Figure 3. Distribution of overlap between conserved and reacting substructures.

(A) Distribution of average fraction of conserved substructure that is reacting. For bonds (orange stripe) and for atoms (blue solid) (B) scatter plot of average fr versus fc. The average fc and average fr are calculated using atoms. Each superfamily is represented by a blue diamond. The plot is colored to orient the reader within the plot and to roughly indicate where the different overlap patterns fall. (I) Completely nonoverlapping (red), (II) partially overlapping (green), (III) completely overlapping (orange), (IV) reacting is part of conserved substructure (blue), (V) conserved is part of reacting substructure (purple). (C) Five types of overlap patterns. The conserved substructure (blue circle) can have the following overlap (purple) with the reacting substructure (red circle): (I) completely nonoverlapping, (II) partially overlapping, (III) completely overlapping, (IV) reacting is part of conserved, (V) conserved is part of reacting.

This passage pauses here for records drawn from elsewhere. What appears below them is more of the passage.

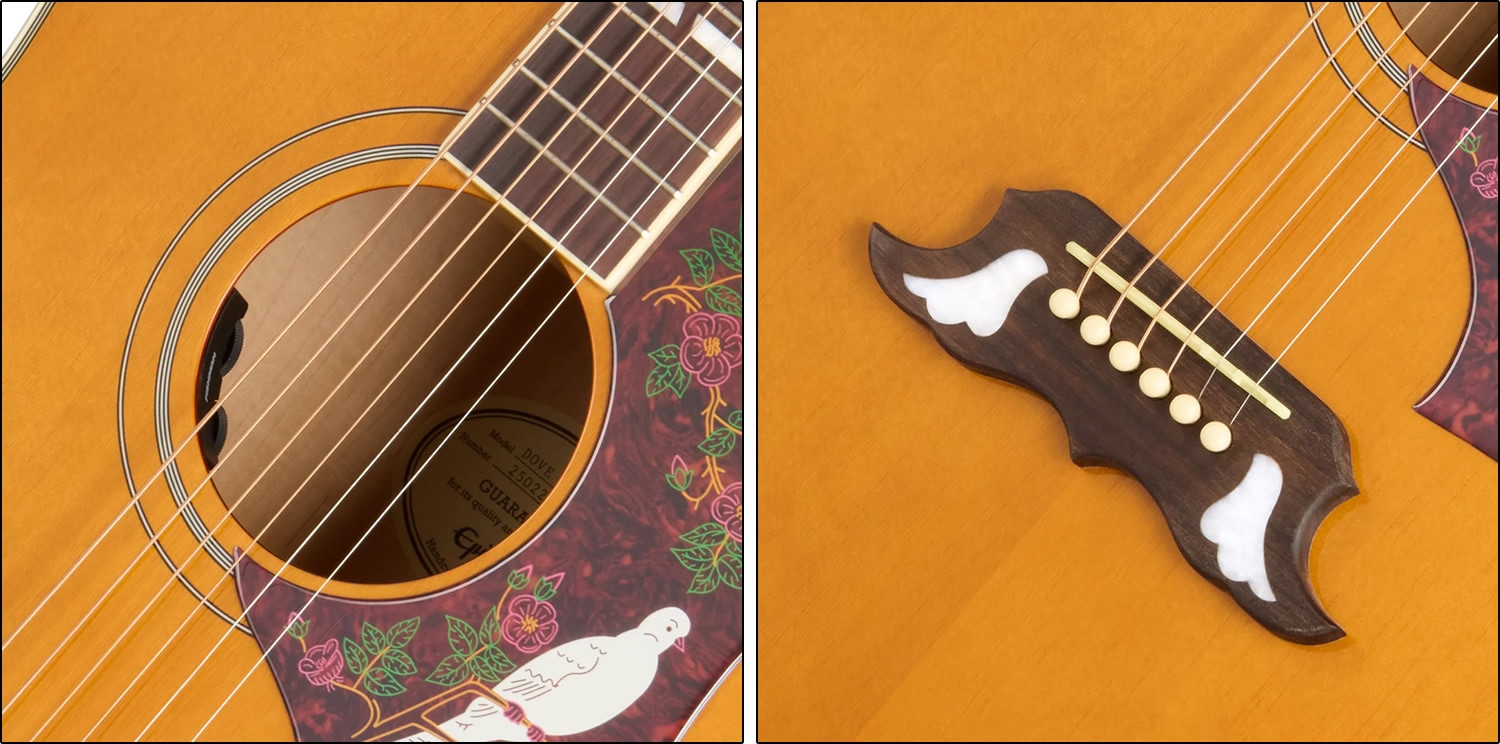 本家であるギブソン Dove は、1962年にカラマズーにあった伝説のギブソン&エピフォン工場で最初に製造され、ロックンロールの定番モデルとして認知されるようになった、最初のアコースティックギターのひとつとなりました。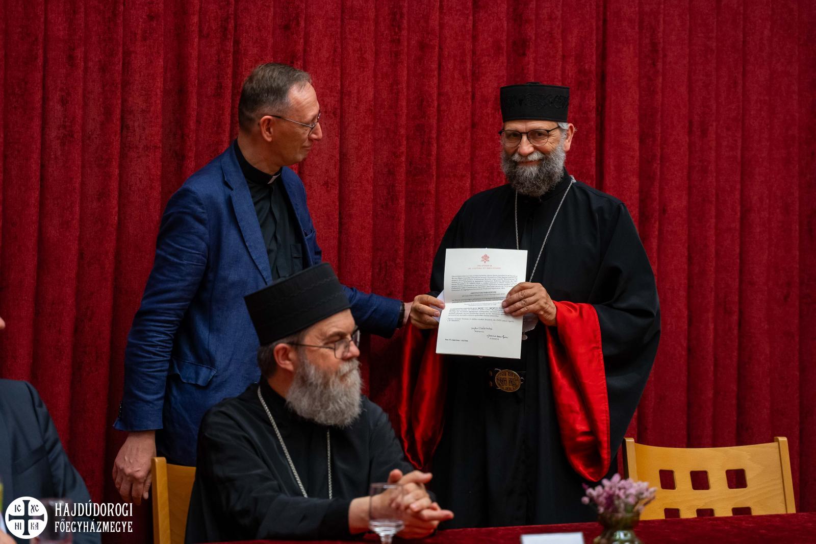 Az aggregáció folyamatáról és sikeres lezárulásáról a római anyaintézményünket, a Pápai Gregoriana Egyetemhez tartozó Pápai Keleti Intézetet képviselő Rafał atya beszélt részletesebben, aki ezután az ezt igazoló díszoklevelet is átadta Kocsis Fülöp metropolitának. A főiskola jövőjének szempontjából fontos tény, hogy az aggregáció folyamata pozitív eredménnyel zárult, s legalább ilyen fontos a jövőt tekintve a magyarországi felsőoktatási intézményekkel való együttműködés is. Erről az együttműködésről dr. Gloviczki Zoltán, az Apor Vilmos Katolikus Főiskola rektora osztotta meg velünk gondolatait. A két intézmény szeptemberben egy közös szakirányú pedagógus továbbképzést indít organikus pedagógia címmel. E képzésen nemcsak pedagógiai ismeretek és eszközök, hanem az érzelmi intelligenciát fejlesztő, az emberi élet teljességét átfogó tudás szerezhető – emelte ki a képzés jelentőségét a rektor.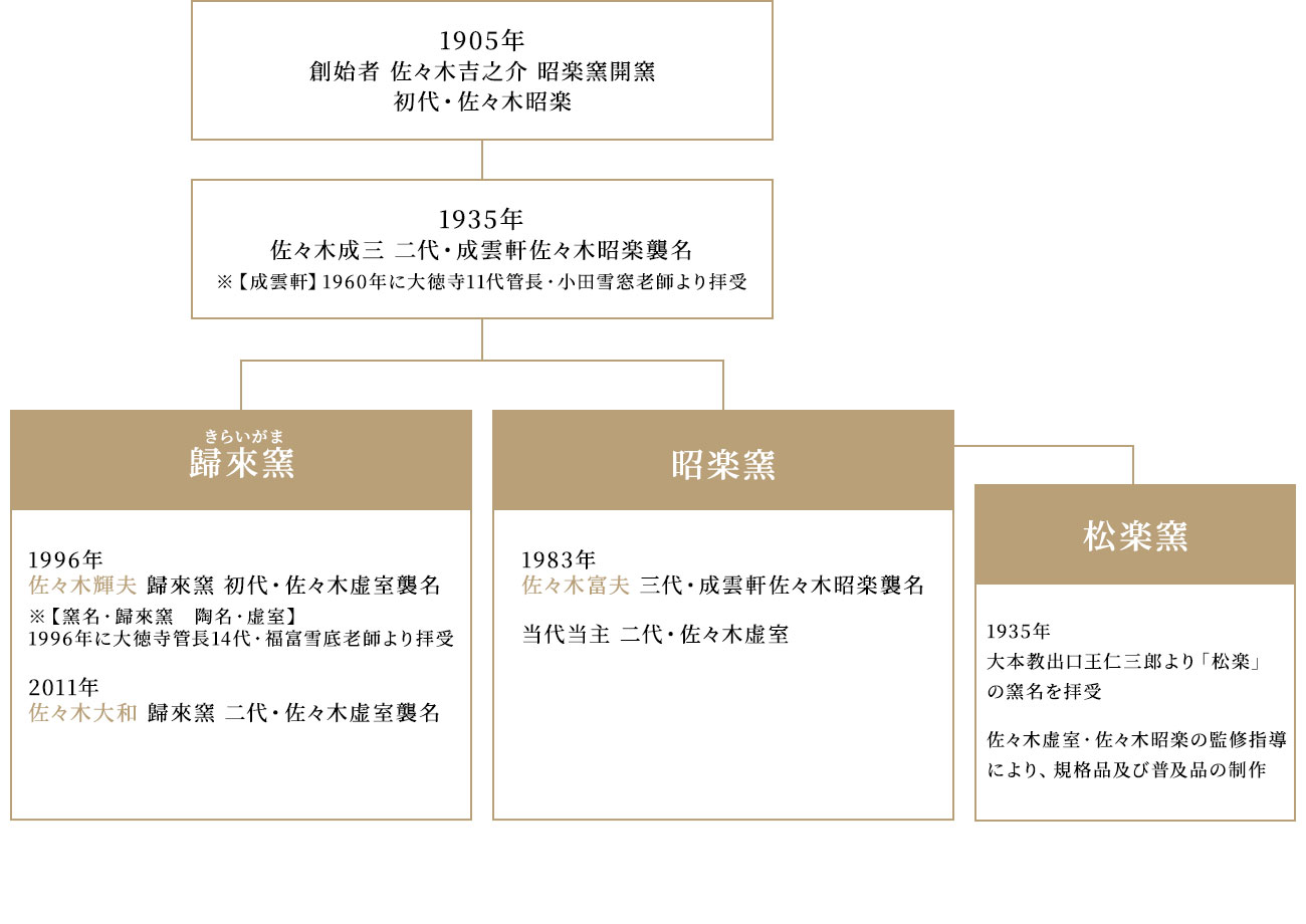 楽焼窯元の開窯から現在に至るまでの歸來窯・昭楽窯・松楽窯の歴史と佐々木家系図をご紹介します。

Only one superfamily in our study set, the superfamily defined by SCOP as the metallo-dependent hydrolase superfamily, also known as the amidohydrolase superfamily [34],[35], has substrates so diverse that they do not share a common substructure of even a single conserved bond. Detailed analysis of the superfamily, including analysis of differences in the overall functions, how active site motifs are used for catalysis, and other factors such as metal ion dependence, suggests that this group may be more properly considered as multiple superfamilies (Brown and Babbitt, in preparation).

Plotting fr against fc illustrates the distribution of superfamilies (Figure 3B) across different patterns of overlap (Figure 3C) in the reacting and conserved substructures. For simplicity, only the data calculated using atoms is provided in Figure 3B. The values for each superfamily, calculated using both atoms and bonds, are provided in Table S2. The different regions in Figure 3B are intended merely to orient the reader to the range of variation across multiple superfamilies rather than to infer distinct categories implying fundamental differences between the superfamilies in different regions.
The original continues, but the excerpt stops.